KC: So do you think the idea of this national data haven has a place in the future of the country, in the identity of Iceland?
VK: I think so; I hope so. I hope it’s not going to turn into Sealand.
DV: The problem with the approach of Sealand is that it’s a single-issue approach. Larger issues of infrastructure and governance are not taken into account.
Another recent project of ours is Nulpunt, a proposal freedom of information website, initiated and developed together with the artists Jonas Staal. Nulpunt works like a combination between Twitter and WikiLeaks; FOIA database documents can be annotated, shared, and broadcasted by users. IMMI is helping with that as well, but their condition for involvement is that all the code should be open. That’s how they work — it’s an island, a fortress, but its code is open.
KC: How does Metahaven approach social media? I was curious as to how you guys think of that in relation to the published work you do or the art exhibitions that you do.
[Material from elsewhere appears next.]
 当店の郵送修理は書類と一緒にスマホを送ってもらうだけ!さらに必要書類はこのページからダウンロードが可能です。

VK: In 2006, we had a website which was basically all pop-ups and structurally resembled the shape of Sealand. We got so much criticism for it, as it was incredibly user non-friendly. So we took that offline and made a single web page. And of course, a bunch of people started emailing us saying that they wanted the old site back even though they hated it before. Then we fell onto Tumblr. We’ve been using it also as a publishing platform, publishing longer texts and interviews. We’re not on Facebook, but we like Twitter.
KC: It seems to also reflect that whole idea of disseminating information: It just flows organically through a network or a system.
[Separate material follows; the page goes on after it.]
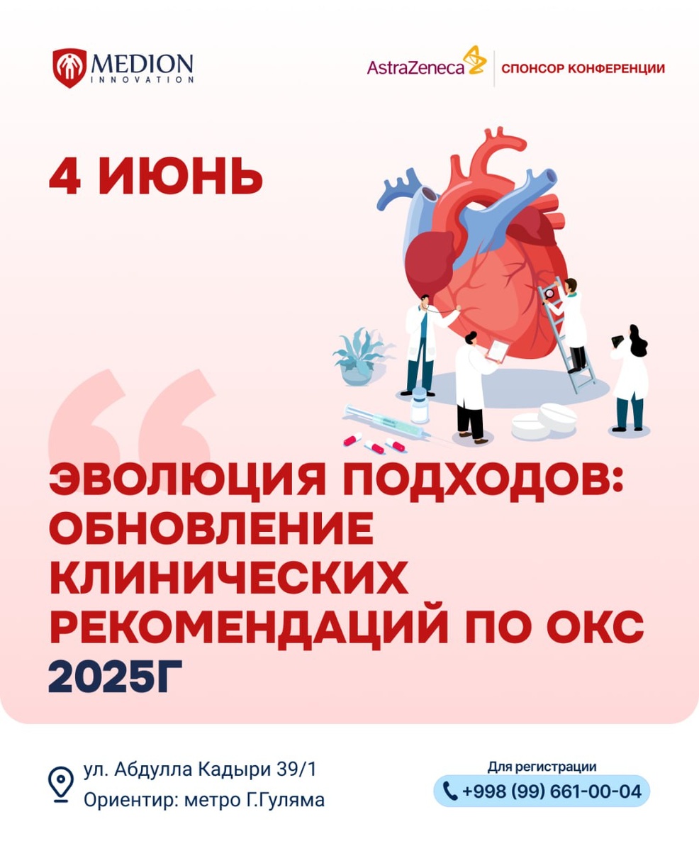 научно-практическая конференция «Новые акценты. Эволюция подходов: обновление клинических рекомендаций по ОКС — 2025» 🗓 Дата проведения: 4 июня 2025 года 🕒 Время начала: 14:00 📍 Место проведения: Medion Академия 💼 Спонсор мероприятия: AstraZeneca 🔷 Программа конференции 13:30 – 14:00 🔹 Регистрация участников 14:00 – 14:10 🔹 Приветственное слово Адилова Икбол Гафуритдиновна 14:10 – 14:50 🔹 Доклад: «Обновление клинических рекомендаций по ведению пациентов с острым коронарным синдромом: взгляд 2025 года» Абубакирова Ольга Александровна 14:50 – 15:10 ☕️ Кофе-брейк (возможность неформального общения и обмена мнениями) 🔖 Участие бесплатное. Предварительная регистрация обязательна. Количество мест ограничено. 📩 Для регистрации: 📞 +998 99 661 00 04

DV: Yeah, Twitter’s great, Tumblr’s great. Tumblr is also a way to publish stuff that’s not so completely well-conceived. You have an idea and you just put it on Tumblr. We had one “meme” on Tumblr that got a lot of likes, which we called “A definition of Now.” It was a hashtag-like cross that combined “S.O.S.” and “L.O.L.” We have used this with our students to explain Twitter, because, as the saying goes, bad news spreads on Twitter, and good news on Facebook.
Metahaven: Islands in the Cloud runs at MoMA PS1 (22-25 Jackson Ave, Long Island City, Queens) through April 1.